集水桝を放置すると、自宅の基礎が傾くリスクが生じます。

集水桝(しゅうすいます)とは、雨水や排水を一時的に受け止めて溜める、コンクリート製または塩化ビニール製の箱型・円筒型の構造物です。 道路の側溝、宅地内の排水管、複数の水路が合流するポイントに設けられ、雨水が一か所に集中したときにあふれないよう調整する役割を担います。
参考)集水桝とは
建築の文脈では「排水桝(はいすいます)」と呼ばれることもあり、住宅の外構・外壁周辺に複数個設置されます。 素材はコンクリートブロック製のプレキャスト品が増えており、現場打ちと比べて工期短縮・型枠工不足の解消が期待できます。
参考)集水桝
つまり、水の交通整理をする施設です。
建築・土木分野における桝は用途によって大きく分類されます。 主な種類は以下のとおりです。
参考)桝の種類
リフォームでよく関係するのは「雨水桝」と「汚水桝」です。 これが基本です。
住宅の外回りをリフォームする際には、どの桝がどこにあるかを事前に把握しておくことが重要です。桝の位置を無視して外構工事を進めると、後からやり直しが必要になり追加費用が発生することがあります。
参考)公道の汚水桝の移設費用について。新築、ほぼ完成で重大な見落と…
集水桝は、以下の場所に設置されることが多いです。
構造的な特徴として、桝の底は排水路の底よりも低く掘り下げられており、この高低差を「泥溜高(どろだめこう)」と呼びます。 この部分に泥・砂・落ち葉が沈殿することで、本流の排水管が詰まるのを防ぎます。はがきの横幅(約10cm)程度の深さを余分に設けることで、排水機能が大きく改善されます。
構造を理解すれば、清掃のタイミングも判断しやすくなります。
清掃を怠ると、最悪で冠水被害が起きます。
集水桝は使い続けると内部に泥・ゴミ・落ち葉が蓄積し、やがて排水機能が低下します。 雨水が桝に入りきれなくなると、敷地内や道路に水が溜まり、冠水・浸水被害に直結します。特にゲリラ豪雨の多い近年は、事前のメンテナンスが欠かせません。
参考)事前準備が重要!! ~台風、ゲリラ豪雨の前に集水桝のメンテナ…
さらに深刻なのは、排水桝の周囲に空洞が生じるケースです。 長期間放置すると地盤が沈下し、桝自体が陥没することがあります。これが住宅基礎の沈下・傾きにつながる可能性があり、修繕費用は数十万円規模になることも。

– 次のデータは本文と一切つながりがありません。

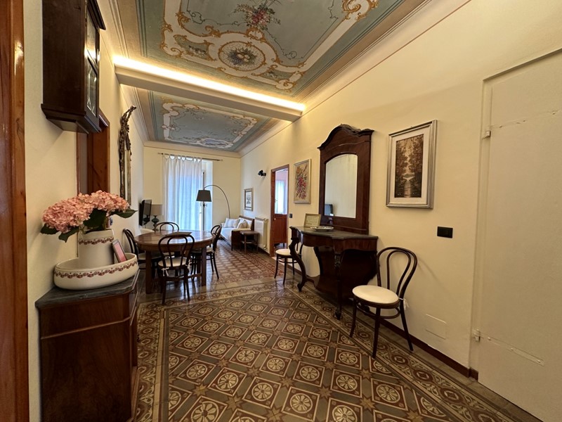 Sestri Levante, centro, in zona comoda a negozi e servizi, a pochi metri dalle spiagge, affittasi con contratto annuale o per periodi inferiori da concordare, appartamento dal fascino storico, con soffitti affrescati e tipia pavimentazione ligure, composto da ingresso, soggiorno, cucina abitabile, due ampie camere, camera singola, bagno, grande terrazza in parte loggiata dove trascorerre piacevoli giornate nella bella stagione per pranzare/cenare in compagnia, posto auto. l'immobile è arredato con cura ed attenzione ai dettagli. Spese di gestione minime. Il prezzo della locazione è in base alla durata, al periodo e alla stagione.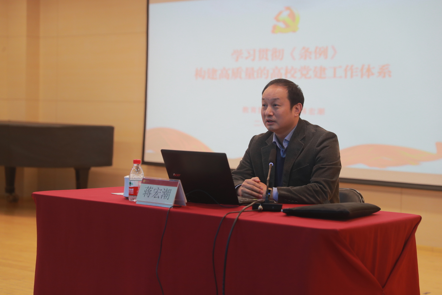 教育部思政司党建统战处蒋宏潮处长以《学习贯彻< 条例> 构建高质量的高校党建工作体系》为题,从修订的背景过程和总体考虑、框架结构和章节布局、调整完善的重点内容、对责任落实作出的制度安排四个方面为学员们详细解读了《中国共产党普通高等学校基层组织工作条例》的精神与内涵。他指出,高校各级党委(党组)要在学深悟透上下功夫、在融会贯通上下功夫、在改革攻坚上下功夫、在明责担责上下功夫,当好学习研究宣传习近平新时代中国特色社会主义思想的排头兵,当好推动高等教育事业高质量发展的突击队,以优异成绩庆祝中国共产党成立100周年。

意外ですね。
| 放置期間の目安 | 想定されるリスク | 費用感 |
|---|---|---|
| 数年(泥蓄積) | 排水の詰まり・水たまり | 清掃費用:5,000〜15,000円程度 |
| 5〜10年以上 | 桝周辺の地盤沈下・陥没 | 補修工事:10万〜50万円以上 |
| 長期放置+破損 | 住宅基礎の傾き・建物損傷 | 基礎補修:100万円超の例あり |
清掃頻度の目安は年1〜2回、特に台風シーズン前後が推奨されます。 高圧洗浄機があれば自分でも対応できますが、桝内部の状態確認まで行うなら専門業者への依頼が安心です。
汚水桝1個の交換費用の相場は、40,000〜50,000円です。 場所や桝の種類、配管の状態によっては10万円を超えることもあります。リフォームの見積もりを取る際、集水桝・排水桝の交換が含まれているかを必ず確認しましょう。
参考)汚水桝(排水枡)を交換するときの工事費用を徹底解説!高額のケ…
これは使えそうです。
外構リフォームでは、公共桝(最終桝)の移設が必要になることがあります。 あるケースでは、当初50万円と見積もっていた移設工事が90万円になり、引き渡しも2か月延期になった事例も報告されています。公共桝は自治体管理のため、工事内容や許可取得に時間がかかるのが理由です。
リフォーム費用が膨らむ主な原因を整理すると。
対策としては、リフォーム計画の初期段階で外構業者や施工会社に「排水桝の位置確認」を依頼することです。図面だけでなく現地で実際に桝の蓋を開けて状態を確認してもらうことで、後からの予算オーバーを防ぎやすくなります。
汚水桝(排水枡)の交換費用と工事内容の詳細解説(クリーンライフ)
費用の相場感を知っておけば大丈夫です。